The Person Responsible for Regulatory Compliance, in order to be able to perform regulatory and medical device quality duties in a reliable and appropriate manner, should have the appropriate qualifications, which are clearly defined in the MDR. These include a degree in a relevant scientific discipline and experience in regulatory and Quality Management Systems for medical devices obtained or compatible with EU requirements in this respect. Also micro and small enterprises should have permanent and continuous access to the services of such a person, however, the responsible person does not have to be employed within the organisation.
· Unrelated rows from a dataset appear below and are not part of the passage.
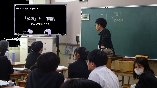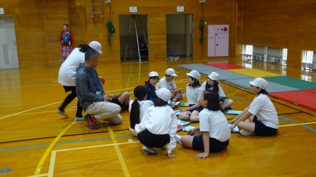授業の第一歩として「勉強と学習のちがいとは?」を考えたり、先生を交えてマット運動がうまくなる方法を考えたり…。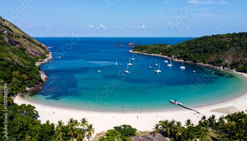Serene Tropical Beach with Sailboats in Crystal Clear Water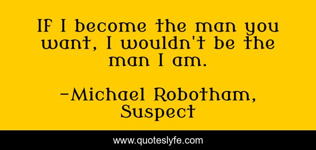 This page presents the quote "If I become the man you want, I wouldn't be the man I am.". Author of this quote is Michael Robotham, Suspect. This quote is about changing, man,.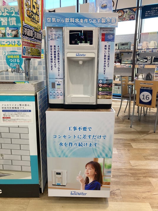 2023年に発売を開始した空気製水器は主にオンラインショップでの販売でしたが、上記の家電量販店の実店舗にて取り扱いを開始しました。

This service can be outsourced. It is worth to mention that if a company would like to outsource the service of a PRRC, this person must be qualified to assess compliance with the latest EU medical device regulations. This is a key service provider for the company and should therefore be secured through a properly structured contract. When registering a medical device, manufacturers and authorised representatives will be required to provide the name, address and contact details of the person or persons responsible for regulatory compliance, as well as informing of any change in the details of such person.

Question 2

What are the responsibilities of the person responsible for regulatory compliance?

Accepted Answer

verifying the compliance of medical devices with the requirements of the MDR and the Quality Management System, including compliance with company procedures,

drawing up and updating the technical documentation,

participation in the obligatory post-market surveillance of the product,

product registration.

Question 3

Who should employ a Person Responsible for Regulatory Compliance?

Accepted Answer

Micro and small companies should have permanent and continuous access to the services of such a person. The service can be outsourced. Larger companies should have such a person within their organisation.

Question 4

Should an EU Authorised Representative have a Person Responsible for Regulatory Compliance?

Accepted Answer

The Authorised Representative, i.e. the person appointed to act on behalf of the manufacturer, and to whom the authorities and institutions of the Member States may turn with regard to obligations defined by legal requirements concerning medical devices, should also be in constant contact with the Person Responsible for Regulatory Compliance. It is also worth to add that the PRRC working for the manufacturer cannot be the same person as the person responsible for the Authorised Representative. There is a clear distinction these individuals to ensure an additional level of control and oversight over the manufacture of medical devices and post-market surveillance.